Найджелу пришлось вернуть его к сути дела:

– Вчера за обедом отношения накалилась до предела. Вот почему я и спрашиваю – неужели вы не подумали, что не все так просто?

– Вы не знали Бетти. С тех пор как она снова приехала сюда, она была постоянно больной и взрывоопасной. А когда она такая, каждый ощущает какую-то дрожь, вибрацию от нее. Это было как раз такое создание, что всю жизнь словно источает радиацию, но вовсе не высасывает соки из других: эдакий сложный инструмент, вышедший из-под контроля, от которого всем становится не по себе. – Его голос перешел в шелестящий шепот, словно жестяной скрежет камыша, оставшегося сзади: – «О Роза, ты несешь мне хворь! Кто тот счастливец, что улегся в ярко-красную кровать блаженства?»

– Стало быть, вы не ожидали, что случится что-то особенное?

Эндрю резко развернулся на каблуках, глядя ему в лицо:

– Вы хотите сказать, будь у меня даже хоть малейшее подозрение, что моей сестре, даже волосу на ее голове, грозит опасность, я бы не…

– О ком же вы тогда говорили? За обедом? Или вы просто выдумали того злодея, который живет злом, – того самого, «упоенного злом»?

– Ой, я просто тянул из них жилы, – цинично, слегка переигрывая, ответил Эндрю. – В каждой шутке всегда найдется какая-то доля правды.

– Боюсь только, что полиция тоже отдаст должное вашей шутке, Ресторик.

– Пускай. Я прожил слишком сумасшедшую жизнь, чтобы до сих пор бледнеть от синей униформы.

– Дело ваше. – Найджел ткнул своим посохом в одетый снегом межевой столбик на краю деревни, к которой они подходили. – Прелестное, должно быть, место – Эссекс. За что вы так ненавидите доктора Богана?

Эндрю Ресторик рассмеялся с деланой веселостью опытного дуэлянта, только что получившего легкое ранение:

– Нет-нет, Стрэнджвейс, вам меня этим не поддеть. Я очень не люблю Богана, потому что знаю, что он напыщенный пройдоха и что он не мог принести Бетти добра, но я вовсе не утверждаю, что это он убил ее.

Он приподнял шляпу в сторону Найджела, дерзко ухмыльнулся Джорджии и свернул к табачной лавке.

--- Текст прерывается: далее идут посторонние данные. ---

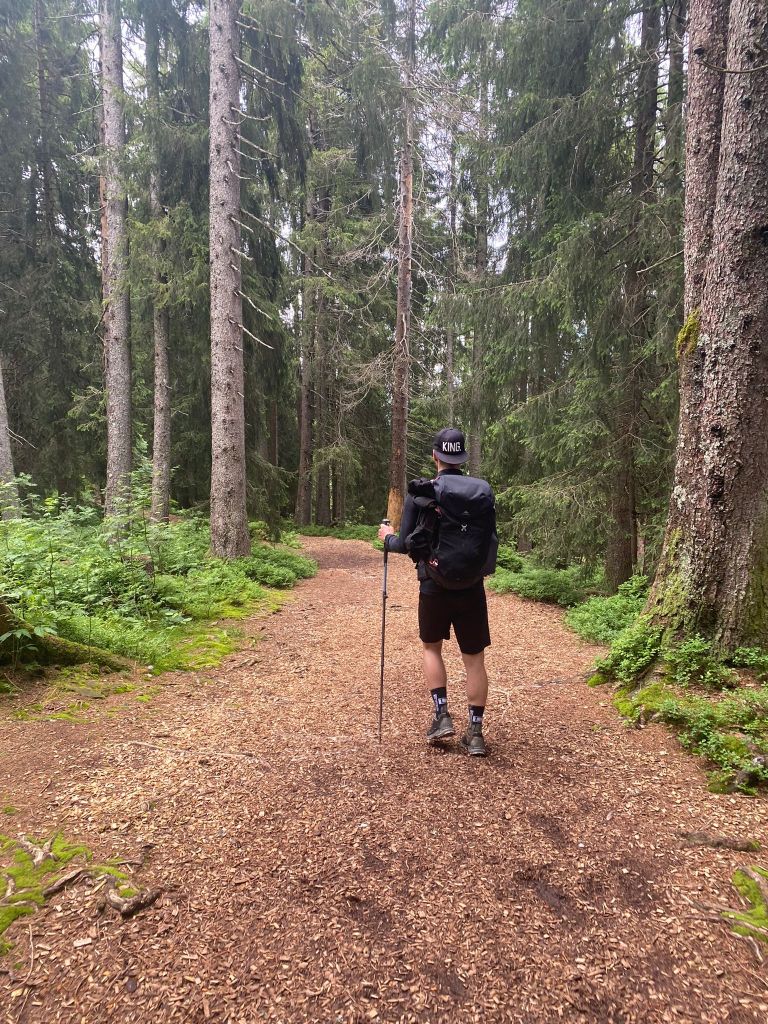 Der Rucksack war für uns während der ganzen Tour nie ein Thema. Wir hatten alle unnötigen Sachen zuhause gelassen und konnten jederzeit gut mit dem Gewicht auf dem Rücken umgehen. Dies sicherlich auch, weil wir von Anfang an mit Wanderstöcken unterwegs waren und diese auch fast ständig im Einsatz hatten.

– Ну вот, и как он тебе? – сказал Найджел.

Его жена молчала, размышляя.

– По-моему, – задумчиво сказала она, – если он опередит полицию и найдет убийцу, в Истерхем-Мэнор будет еще одно убийство.

– Он такой? – спросил Найджел, слепо доверявший всему, что его жена говорила о людях.

– Конечно. Воспитание, нрав – да и вся жизнь, которую он вел, – обязательно подтолкнут его к идее взять правосудие в свои руки.

– У Хиварда тоже есть эта черта.

– Да. Правда, при каждом своем поступке он первым делом сверяется со своими семейными традициями и положением в обществе. Между прочим, он ревностный отец, хотя излишне строг с мальчиком, но дети его боготворят, и он относится к ним очень нежно.

– А Шарлотта?

– Ей удалось чуть-чуть поставить меня в тупик. Это гранд-дама, царственный фасад, а за ним – простые, трезвые и расчетливые мозги, вот что. Я ума не приложу, как эти две стороны в ней так мирно уживаются. Хивард, мне кажется, женился ради денег – в наши дни, чтобы содержать в порядке такое имение, нужна уйма денег, а его фермерам, кажется, выделяется денежная помощь. Вообще они с Хивардом смотрятся вполне неплохо – он не из тех, кому нужно общение по душам, – у каждого из них свои дела и интересы.

– Но он на многое не способен, как, впрочем, и все те, кем она наполняет свою гостиную, – пролетарские писатели, гипнозитеры, Эвнисы Эйнсли…

– Гипнозитеры?

– Доктор Боган пользуется гипнозом для лечения. – Найджел описал сцену, которая разыгралась между доктором и Хивардом. – Хивард прост, как дитя. Он связывает гипноз с черной магией гадалок и доктором Мебиусом – считает гипноз черным делом, чтобы овладевать жертвами, их телами и душами. А в случае с Элизабет – скорее телом.

– Так-так, может, тут что-то и есть. В случае с Элизабет.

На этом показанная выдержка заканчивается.